- Born: 10 July 1988 (age 38) Murang'a County
- Education: University of Nairobi
- Occupation: Former Chief Administrative Secretary
- Title: Hon.
- Children: 2

= Zack Kìnùthia =

Nairobi minister of sport (2020–2022)

Zachariah Kìnùthia (born 10 July 1988), known as Zack Kìnùthia, served as the Chief Administrative Secretary of the Kenyan Ministry of Sports, Culture, and Heritage from January 2020 until his resignation in February 2022. He previously served as chairman of the Student's Organization of Nairobi University (SONU).

== Early life and education ==
Zack Kìnùthia was born to Lucy Mugure in Marumī village, Kigumo Ward, Murang'a County in Gatitu Constituency. He is a member of the Kikuyu tribe, a Bantu ethnic group. He attended Kigumo Primary School in his home county and later attended Gaichanjiru High School in Murang'a County.

In 2010, he enrolled at the University of Nairobi to pursue a bachelor's degree in economics and political science. While at the University of Nairobi, he became involved in student politics and was elected chairman of the Students' Organization of Nairobi University (SONU). He also served as a leader in the Christian Union. As of 2023, Kìnùthia is pursuing a law degree.

== Career ==
At the University of Nairobi, Kìnùthia served as the elected chairman of the student organization from 2013 to 2014. He was also a member of the Christian Union and held a leadership role in 2013.

In 2013, Kìnùthia joined the presidential campaign team of candidate Uhuru Kenyatta. He later participated in the formation of the Jubilee Party and President Uhuru's re-election youth campaign.

In 2014, after graduating from the University of Nairobi with his bachelor's degree, Kìnùthia worked as a research assistant at a community project focused on the fight against HIV/AIDS in Kenya, an initiative of the University of Nairobi known as Central Kenya Response – Integration, Strengthening and Sustainability plus Project (CRISSP).
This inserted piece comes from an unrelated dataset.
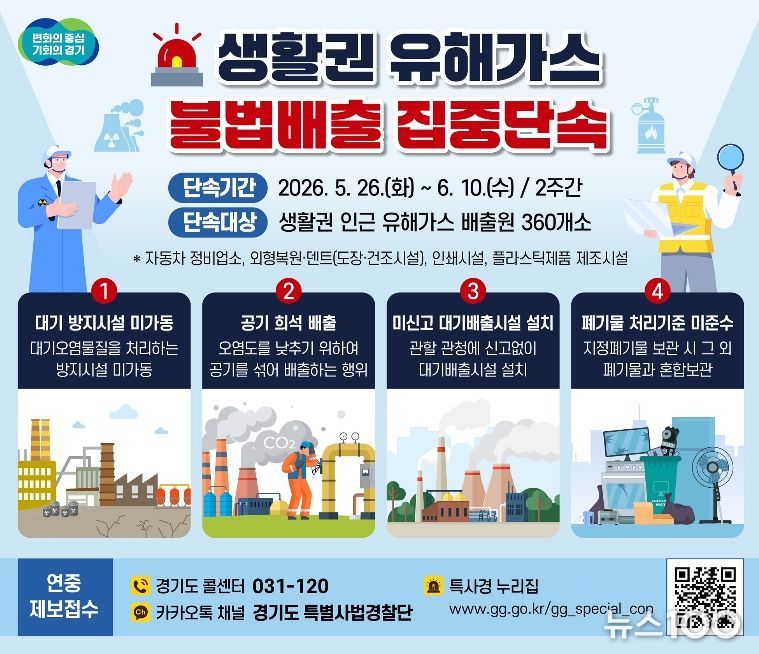 뉴스100 김동초 기자 | 경기도 특별사법경찰단이 5월 26일부터 6월 10일까지 2주간 주거지·학교·병원 등 생활권 인근 지역의 유해가스 배출 사업장을 대상으로 불법행위를 집중단속 한다.

Kìnùthia was appointed as the Chief Administrative Secretary (CAS) for Education on 15 January 2020, by President Uhuru Kenyatta, alongside Mumina Bonaya. Kìnùthia was the first person appointed to this specific position under President Kenyatta and the second person overall to hold it after Prof. Collete A. Suda, Ph.D. He was the youngest person serving in that position at the time of his appointment. Kìnùthia stated that he had no prior knowledge of his appointment and first heard of it when President Uhuru announced it on the radio. He was sworn in on 17 January 2020, at the State House in the presence of Education Cabinet Secretary Prof. George Magoha. He reportedly cut his hair short before being sworn in.

Kìnùthia was later transferred to the Ministry of Sports, Culture, and Heritage. In February 2022, he resigned from the CAS position in the Ministry of Sports, Culture, and Heritage to contest the Kigumo parliamentary seat under the Party of National Unity. He lost the election to Joseph Munyoro of UDA, receiving 10,543 votes to Munyoro's 27,213 votes.